From the first line of the material below through the line containing "召回涉及的泳池为高度48英寸", print every line exactly as it stands, but no pictures.

§ **Collected material**:
━━━

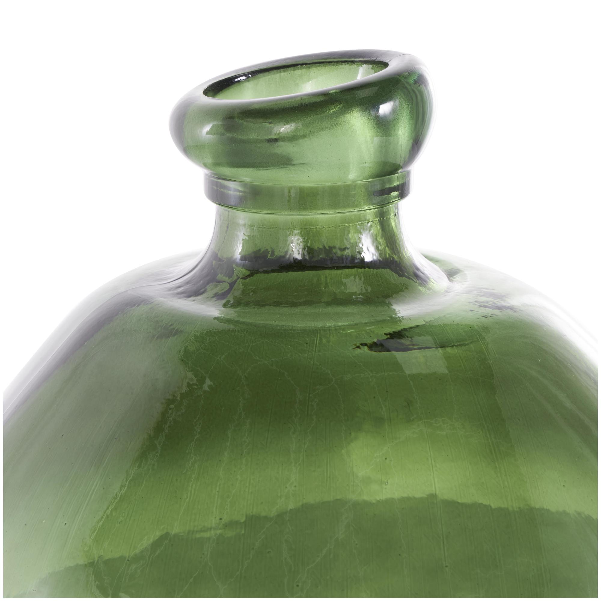This centerpiece vase can be used as a standalone centerpiece or filled with dried flowers for an added touch of nature in your living room or bedroom. This item ships in 1 carton. Recycled glass vase makes a great gift for any occasion. Due to the handmade nature of this item, no two will be alike, there will be slight differences in shape, size, and color. Suitable for indoor use only. This item ships fully assembled in one piece. Made in Spain. This is a single vase. Contemporary style. Vase has a 2 in mouth opening.
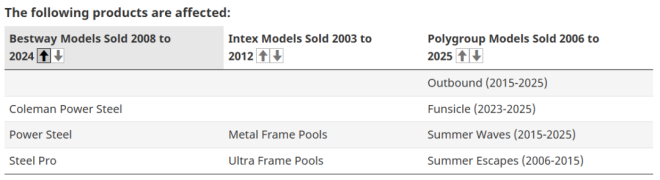 召回涉及的泳池为高度48英寸(122厘米)或以上的特定型号,这些产品于2002年1月至2024年5月期间在加拿大销售。召回范围包括以下型号和销售年份:
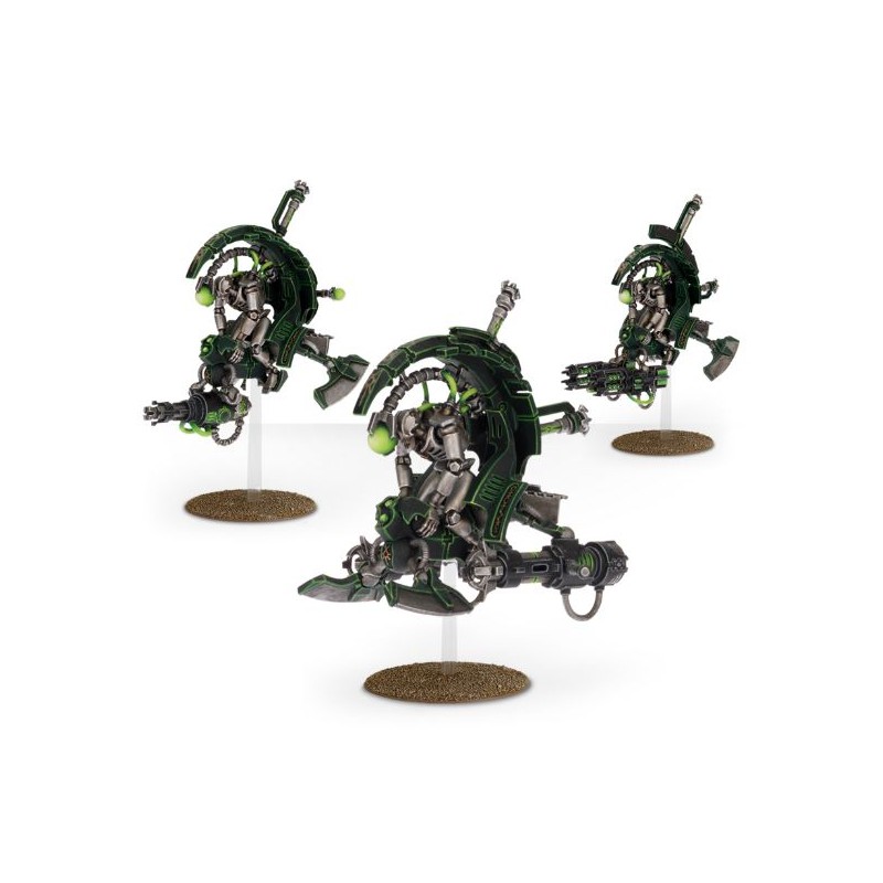 Description du produitCe kit plastique contient 162 éléments permettant d'assembler trois mécanoptères nécrons. Il est fourni avec trois socles volants accompagnés de deux petites et deux grandes tiges transparentes, ainsi que deux planches de décalcomanies nécrons. Ces figurines sont livrées non peintes et non assemblées.

━━━

§ **Exercise solution**:
This centerpiece vase can be used as a standalone centerpiece or filled with dried flowers for an added touch of nature in your living room or bedroom. This item ships in 1 carton. Recycled glass vase makes a great gift for any occasion. Due to the handmade nature of this item, no two will be alike, there will be slight differences in shape, size, and color. Suitable for indoor use only. This item ships fully assembled in one piece. Made in Spain. This is a single vase. Contemporary style. Vase has a 2 in mouth opening.
 召回涉及的泳池为高度48英寸(122厘米)或以上的特定型号,这些产品于2002年1月至2024年5月期间在加拿大销售。召回范围包括以下型号和销售年份:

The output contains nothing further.